What more then can we do in our own lives - at home, school, university and work, and in our
parishes - to take better care of our planet? This has to include working together to ensure that
local and national government play their crucial and essential part, and that a global way forward
be found to ensure that the beauty of creation does not become a wilderness.
On the First Sunday of Lent next year, I will invite the whole diocese to join together in renewing
our commitment as Stewards of God in Caring for Creation. The whole Church must be deeply
committed to this work. Pope Benedict has reminded us:
‘One of the fields in which it is urgent to work is most definitely that of safeguarding
creation. The new generations are responsible for the future of the planet… Before it is too
late, we must make courageous choices with a view to a strong alliance between human
beings and the earth.
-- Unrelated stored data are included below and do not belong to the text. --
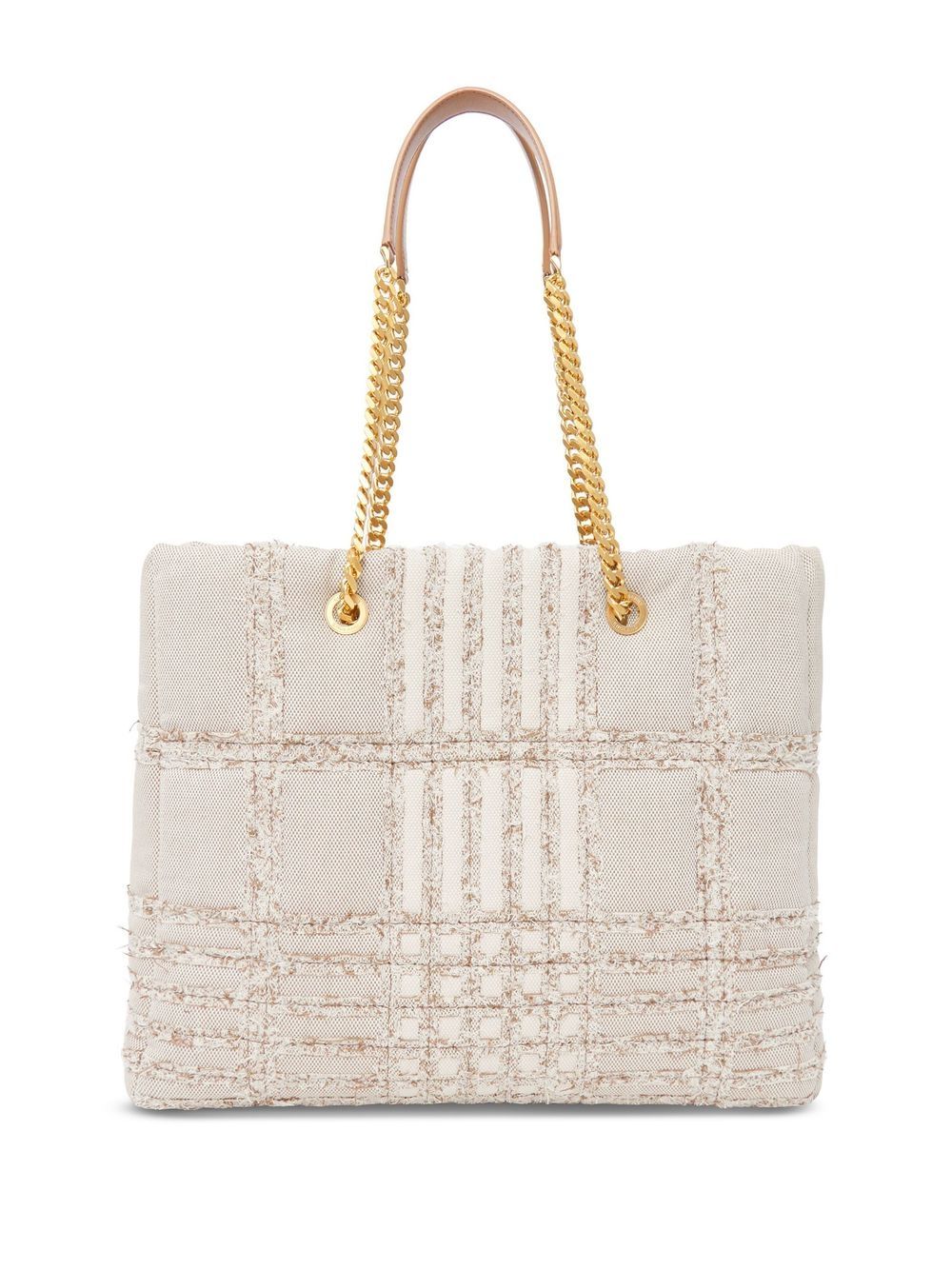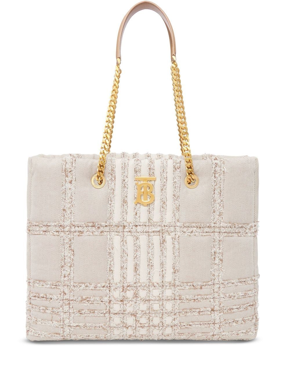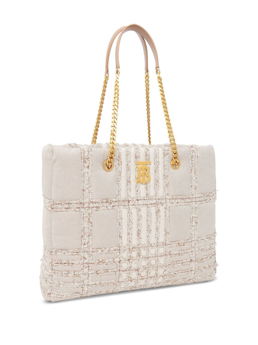 Key brand details come together on this Lola bag from Burberry, creating an instantly recognisable design. In soft beige and cream hues, a subtle checked pattern is complemented by a polished gold-tone logo plaque.
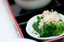 - ほうれん草を、さっと茹で、ざるにあげて冷ます。
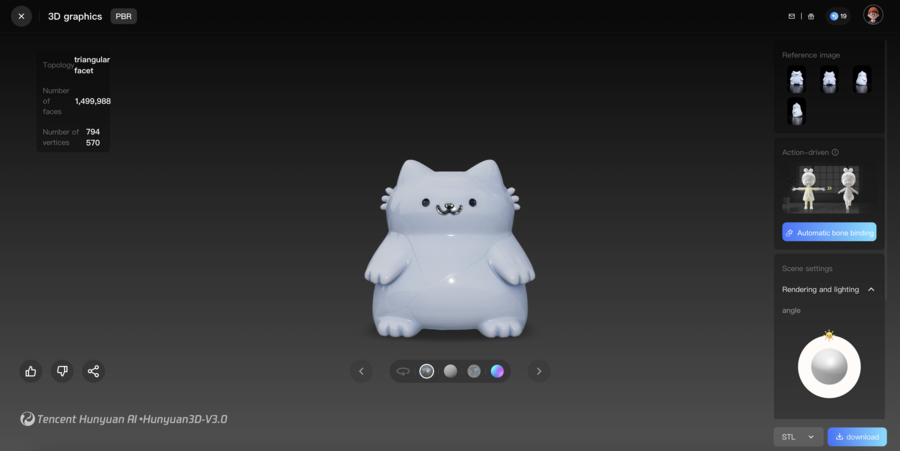 Ракурсы в 3D-программе Tencent Hunyuan 3D
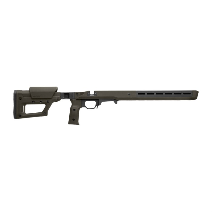 Maintaining the most important features of their original Pro 700, the Pro 700 Lite SA strikes a balance between features and cost without sacrificing performance. As the name suggests, the Pro 700 Lite SA blends the original Pro 700 Chassis and the PRS Lite stock to create a simplified rear end with a strong foundation – passing on the value and weight savings to you. The streamlined design weighs in at 4.4 pounds, a full pound less than its predecessor, but still packs a complete set of features that elevate your rifle’s performance. The Pro 700 Lite SA provides an optimized shooter interface with 0.8” of comb height and 1.4” of LOP adjustments. The low-profile rubber butt-pad is adjustable for height and cant, providing an extremely stable interface with the shooter’s shoulder. Sling attachment options include an ambidextrous 1.25” footman’s loop, a reversible QD sling swivel cup, and space for another optional QD sling swivel cup. The injection-molded polymer grip has a 5-degree forward edge sweep and enlarged palm swell with a 7-degree aft edge sweep for enhanced user comfort, and it includes a 0.75" fore/aft adjustment range using a common hex wrench. An additional grip is included, offering a more aggressive sweep and enlarged palm swell for the shooter who is more inclined to a less vertical grip interface (8-degree forward / 20-degree aft edge sweep). The Pro 700 Lite SA surrounds it’s billet aluminum chassis with Magpul polymer for enhanced ergonomics, strength, and sound mitigation. Built around the user, it is fully ambidextrous at the swap of a bolt retainer plate, and the vertical grip can be adjusted for various trigger reaches. The included large trigger guard can accommodate usage with gloves and aftermarket triggers. The AICS-pattern magazine well features an ambidextrous mag release and has a front barricade stop to prevent the rifle from resting on the magazine when using barricade support. Up front, there are numerous M-LOK slots (left-6/right-6/bottom-7) allowing you to mount whatever accessories your loadout calls for. Extremely versatile and adaptable, the Pro 700 Lite SA turns your short action 700-pattern rifle into the perfect bolt action precision machine. Made in the USA. Fully machined Type III hard anodized aluminum forend and V-bedding block Compatible with left and right-handed actions with swappable QD sling swivel and bolt retainer plates Comb height, LOP, and butt-pad adjustment from PRS Lite Integrated AICS pattern magazine well optimized for PMAG® 5 & PMAG® 10 7.62 AC magazines as well as most other AICS pattern short action magazines Low-profile, anti-snag ambidextrous magazine release is made of Melonite® treated steel A large trigger guard allows for use with gloves and accepts most factory and aftermarket curved or flat triggers Injection molded polymer grip with 5 degree forward edge sweep and enlarged palm swell with 7 degree aft edge sweep Additional grip option included with a more aggressive angle (8 degree forward / 20 degree aft edge sweep) Grips adjustable 0.75" fore and aft

We need a decisive ‘Yes’ to safeguarding creation and a strong
commitment to reverse those tendencies which risk bringing us to a situation of
irreversible degradation.’ (Loreto, 2 September 2007)
When the beauty of God’s creation is threatened, our role as stewards requires us to shout with a
loud voice like Isaiah, and to play our part in protecting and nurturing our planet, not just for
ourselves but for future generations.
This Pastoral Letter can only touch the surface of this vital topic. There are so many questions
left unanswered. There will be diocesan study days available, and more thoughts and ideas
offered, but it is in your homes and parishes that this theme must be taken up. Many of our
Catholics schools are already giving an excellent lead on this.
Each Advent, we await with joyful hope the coming of our Saviour, Jesus Christ, and also ‘the
new heavens and the new earth’ he promises. Jesus Christ is Lord of the Cosmos, and we are
not fit to kneel before him. Through him all things were made, and through him all things will be
made new. And yet he lifts us up, pours the Holy Spirit upon us, and seeks to work in and
through each of us as the Restorer of Creation. As we dedicate ourselves to being faithful
stewards of God’s creation, let us make our own this prayer from the Roman Missal:
God our Father, open our eyes to see your hand at work
in the splendour of creation, in the beauty of human life.
Touched by your hand, our world is holy.
Help us to cherish the gifts that surround us,
to share your blessings with our brothers and sisters,
and to experience the joy of life in your presence. (17th Sunday of the Year)

Bishop of East Anglia


(In addition to reading aloud this Pastoral Letter at each Mass, I invite parish priests to duplicate copies and make them
available for people to take home with them and for group discussion. Many thanks.)